WORK ORDER: Only the lines from the one containing "فتاة تقرأ رسائل تشجيع في هونغ كونغ" through the one containing "そして、ホワイトガーデンがひ" should be printed, exactly as they appear below, with both ends included.

RECORDS SUPPLIED:
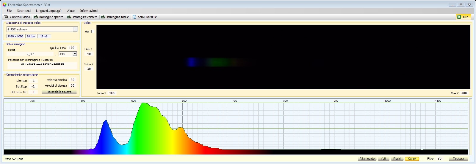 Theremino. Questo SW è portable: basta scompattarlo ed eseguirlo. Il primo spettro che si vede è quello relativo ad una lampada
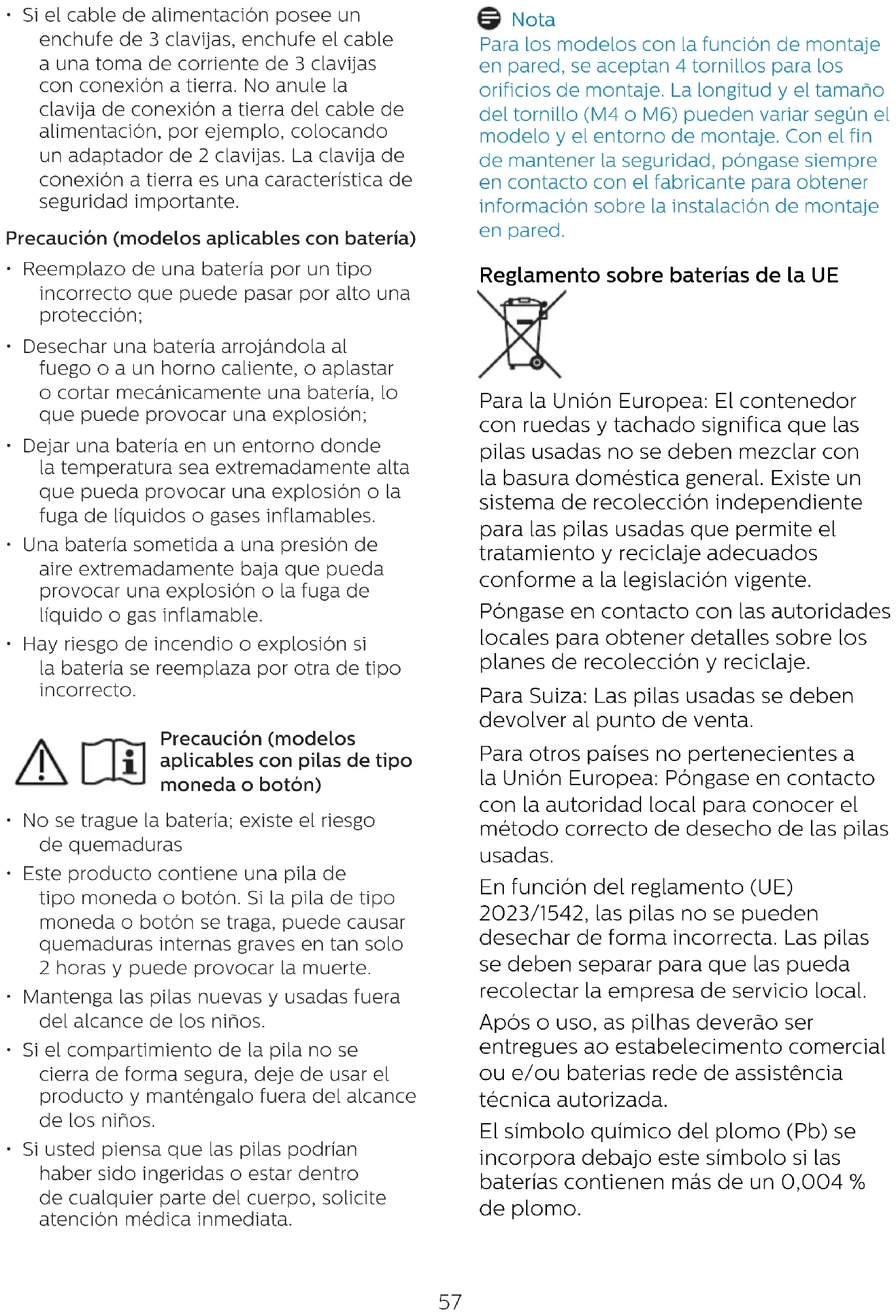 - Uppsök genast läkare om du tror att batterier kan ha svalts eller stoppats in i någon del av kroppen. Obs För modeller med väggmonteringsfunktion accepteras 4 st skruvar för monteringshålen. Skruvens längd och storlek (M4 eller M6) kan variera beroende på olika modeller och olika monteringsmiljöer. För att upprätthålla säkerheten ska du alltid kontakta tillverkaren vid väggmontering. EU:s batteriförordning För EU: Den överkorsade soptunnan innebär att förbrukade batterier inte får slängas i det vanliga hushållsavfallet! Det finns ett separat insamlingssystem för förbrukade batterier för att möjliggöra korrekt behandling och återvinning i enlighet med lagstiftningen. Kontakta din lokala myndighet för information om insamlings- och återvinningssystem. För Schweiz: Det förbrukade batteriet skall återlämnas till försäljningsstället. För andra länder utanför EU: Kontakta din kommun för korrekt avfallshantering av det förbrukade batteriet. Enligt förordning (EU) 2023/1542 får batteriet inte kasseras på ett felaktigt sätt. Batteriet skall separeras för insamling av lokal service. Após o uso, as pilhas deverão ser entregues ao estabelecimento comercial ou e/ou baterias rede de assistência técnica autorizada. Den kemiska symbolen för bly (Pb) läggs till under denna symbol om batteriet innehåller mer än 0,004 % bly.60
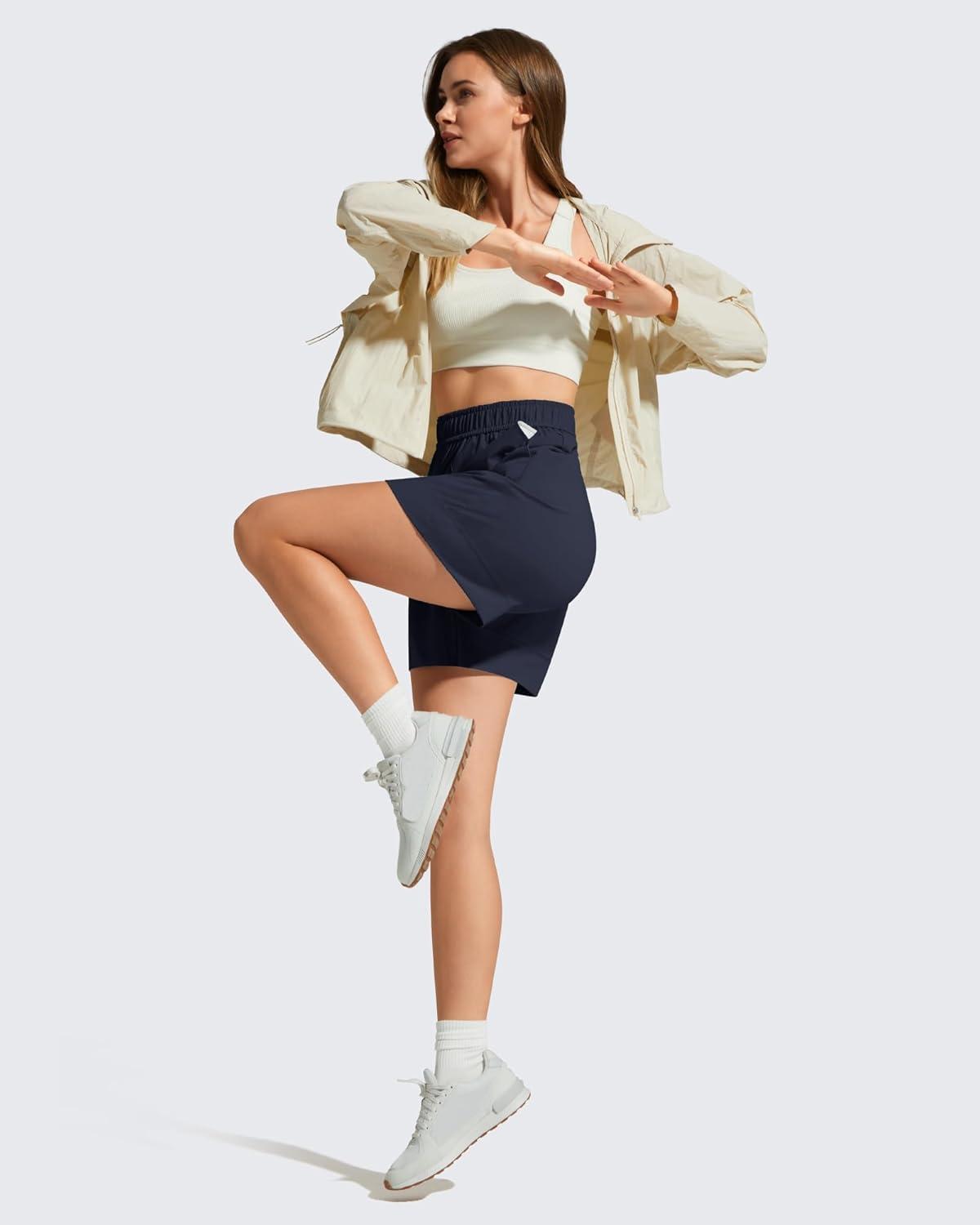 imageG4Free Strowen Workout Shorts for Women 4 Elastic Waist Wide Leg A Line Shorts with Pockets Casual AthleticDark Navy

--

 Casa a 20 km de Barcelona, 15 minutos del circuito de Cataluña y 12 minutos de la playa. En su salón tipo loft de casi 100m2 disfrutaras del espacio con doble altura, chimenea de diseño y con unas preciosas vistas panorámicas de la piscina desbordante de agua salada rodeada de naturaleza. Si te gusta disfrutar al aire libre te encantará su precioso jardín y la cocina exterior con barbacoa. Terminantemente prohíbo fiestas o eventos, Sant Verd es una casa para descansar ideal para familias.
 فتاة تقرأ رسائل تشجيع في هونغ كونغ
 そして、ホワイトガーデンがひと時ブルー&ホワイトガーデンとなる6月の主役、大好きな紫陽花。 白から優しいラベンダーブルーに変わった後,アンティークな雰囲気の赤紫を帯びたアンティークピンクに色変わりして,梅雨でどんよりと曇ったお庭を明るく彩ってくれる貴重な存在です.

FINAL ANSWER:
 فتاة تقرأ رسائل تشجيع في هونغ كونغ
 そして、ホワイトガーデンがひと時ブルー&ホワイトガーデンとなる6月の主役、大好きな紫陽花。 白から優しいラベンダーブルーに変わった後,アンティークな雰囲気の赤紫を帯びたアンティークピンクに色変わりして,梅雨でどんよりと曇ったお庭を明るく彩ってくれる貴重な存在です.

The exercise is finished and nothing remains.